Much of how poorly my husband treated me was due to the affair fog and the very nature of an affair: they can escape the boredom, pressure, ups and downs of marriage, stress, etc. etc in the few hours they spend with AP and come home to dinner, bed and security. Of course, the neglect, disrespect and indifference they show to the BS only adds to the anger, bitterness and resentment the BS returns...making the OW even more an attraction...a downward spiral!

But Hopeful, have HOPE! As bad as our situation was: a 6 year affair and 2 and 1/2 years of false R, finally my husband realized that the last line had been drawn, he came fully clean, he realized the worth of my love and fidelity and we are finally making real progress in rebuilding our marriage.

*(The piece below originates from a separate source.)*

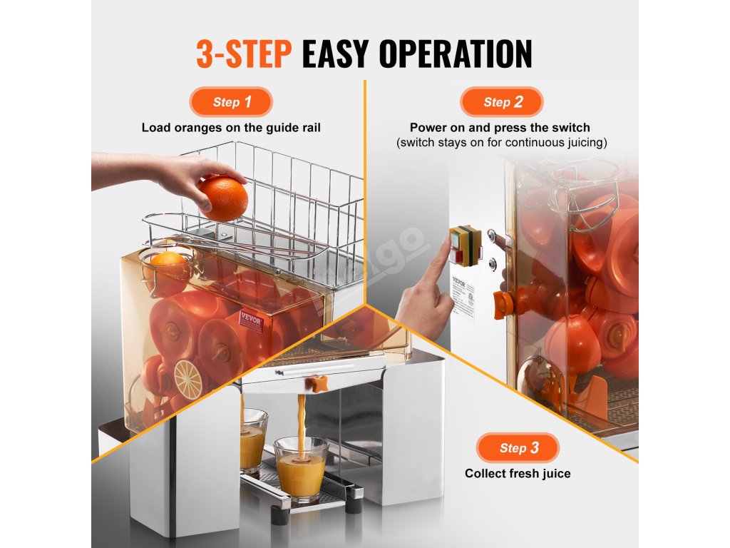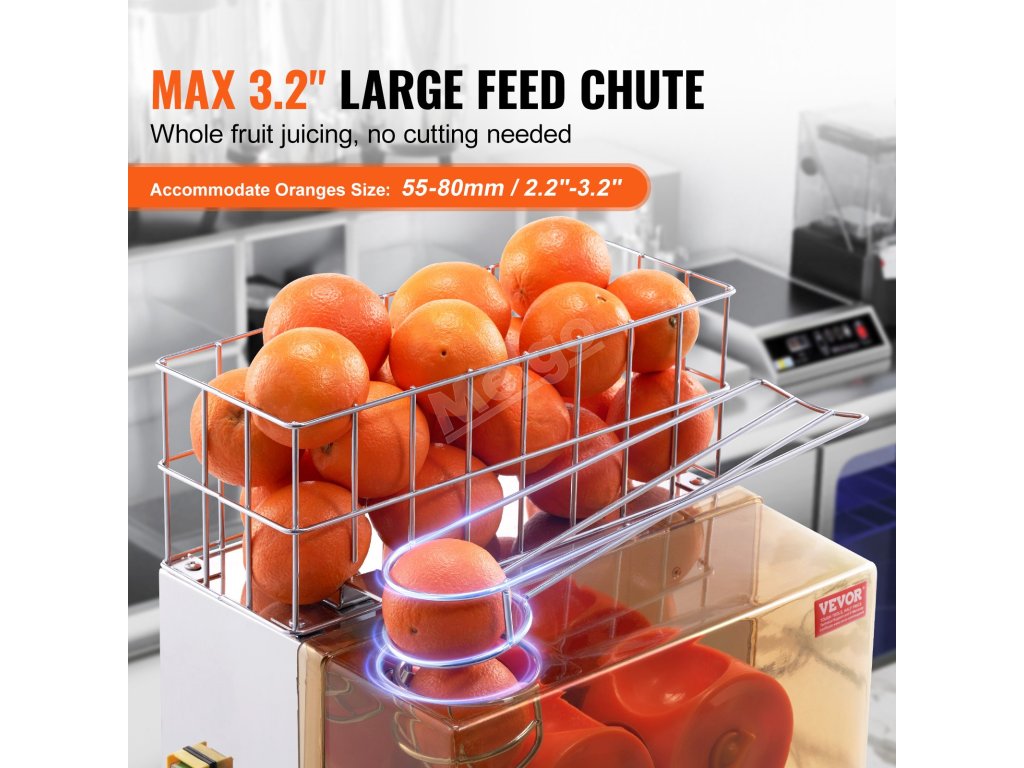 Průměr odšťavňovací koule tohoto komerčního odšťavňovače pomerančů byl vylepšen na 76 mm/2,99 palce, což vede k lepší výtěžnosti šťávy a rychlejšímu provozu.

Do I still have doubts I made the right decision to stay with him? Yes. Do I still trigger? Yes. Do I trust him? Not fully. Have I left the past behind? No. Have I forgiven him? For some things but not others. But we are enjoying a rebirth of our love, see our futures as entwined and have every hope that each day will bring us closer together. Reconciliation can happen but only if both partners desire it above all else, are willing to go through hell and work hard to restore what was lost. Don't give up hope yet if marriage to this man is what you want but don't rest until he admits the truth, ends the affair, and makes serious efforts to restore your trust.


----------



## Thor (Oct 31, 2011)

Hopeful, you have every right to insist he stop all contact with another women. Even if she is really only just a friend, if it bothers you then it bothers you! That is enough. You don't have to prove to him you know she is more than a friend in order to insist he stop all contact.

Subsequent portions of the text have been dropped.